TOGETHER WITH THE PAPER IN WHICH THE SUMMARY ORDER IS CITED ON ANY PARTY NOT REPRESENTED

BY COUNSEL UNLESS THE SUMMARY ORDER IS AVAILABLE IN AN ELECTRONIC DATABASE WHICH IS

PUBLICLY ACCESSIBLE WITHOUT PAYMENT OF FEE (SUCH AS THE DATABASE AVAILABLE AT

HTTP://WWW.CA2.USCOURTS.GOV/).
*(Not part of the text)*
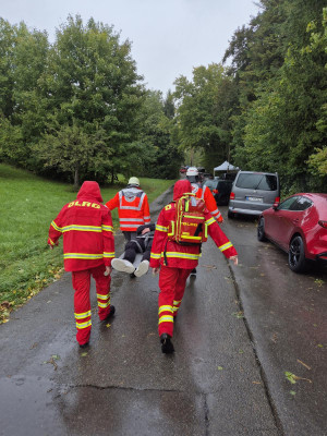 Währenddessen retteten die Feuerwehr Neuffen und der Gefahrstoffzug Nürtingen die verunglückten Personen aus dem Gefahrenbereich. Insgesamt waren rund 50 Statisten sowie 9 Feuerwehrfahrzeuge, 3 Fahrzeuge des DRK und 5 Mitglieder der DLRG Neuffen-Beuren an der Übung beteiligt.

IF NO COPY IS SERVED BY REASON OF THE AVAILABILITY OF THE

ORDER ON SUCH A DATABASE, THE CITATION MUST INCLUDE REFERENCE TO THAT DATABASE AND THE

DOCKET NUMBER OF THE CASE IN WHICH THE ORDER WAS ENTERED.
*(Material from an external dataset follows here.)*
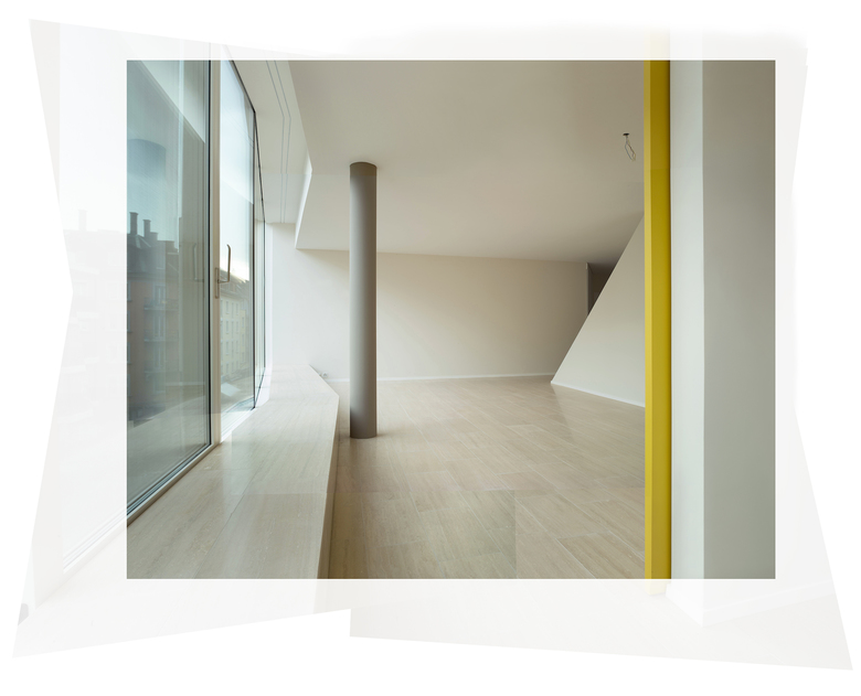 Das Gebäude, eine Ortbetonstruktur mit flexiblen Spannweiten, besteht aus einem Sockel mit Büroraumen der SVA, privater Bar, grosszügigem Wohnentrée, Separée mit Büroeingang sowie einer Hofdurchfahrt mit Schaufenster. Darüber liegt der Aufbau mit 22 individuellen Wohnungen, deren Zimmer zum Hof orientiert sind und von seiner Intimität, Ruhe, Luft und Mikroklima profitieren: Von Seilen wächst ein artenreicher Pflanzenvorhang, der die Fauna und Flora des benachbarten Bahnfelds aufnimmt und erweitert. Die Wohnräume zur Strasse erhalten weiches Nordlicht und ihre Erker und Fensterbänke geben Ausblick ins Quartier.

At a stated term of the United States Court of Appeals

for the Second Circuit, held at the Daniel Patrick Moynihan

United States Courthouse, 500 Pearl Street, in the City of

New York, on the 29 th day of June, two thousand nine.

PRESENT:

DENNIS JACOBS,

Chief Judge,

REENA RAGGI,

PETER W. HALL,

Circuit Judges.

MEI LAN CHEN,

Petitioner,

v. 08-1959-ag

NAC

ERIC H. HOLDER JR., UNITED STATES

ATTORNEY GENERAL,

Respondent. 1

Pursuant to Federal Rule of Appellate Procedure 43(c)(2),

Attorney General Eric. H. Holder Jr., is automatically substituted

for former Attorney General Michael B. Mukasey as respondent in this

case.

FOR PETITIONER: Waisim M. Cheung, New York, New York.

FOR RESPONDENT: Michael F. Hertz, Acting Assistant Attorney General; Mary Jane Candaux, Assistant Director; Michael C.

Heyse, Trial Attorney, Office of Immigration Litigation, United States Department of Justice, Washington, D.C.

UPON DUE CONSIDERATION of this petition for review of a Board of Immigration Appeals ("BIA") decision, it is hereby ORDERED, ADJUDGED, AND DECREED, that the petition for review is DENIED.

Mei Lan Chen, a native and citizen of the People's Republic of China, seeks review of a March 25, 2008 order of the BIA, affirming the March 14, 2006 decision of Immigration Judge ("IJ") Robert D. Weisel, which denied her application for asylum, withholding of removal, and relief under the Convention Against Torture ("CAT"). In re Mei Lan Chen, No. A95 709 756 (B.I.A. Mar. 25, 2008), aff'g No.A95 709 756 (Immig. Ct. N.Y. City Mar. 14, 2006). We assume the parties' familiarity with the underlying facts and procedural history in this case.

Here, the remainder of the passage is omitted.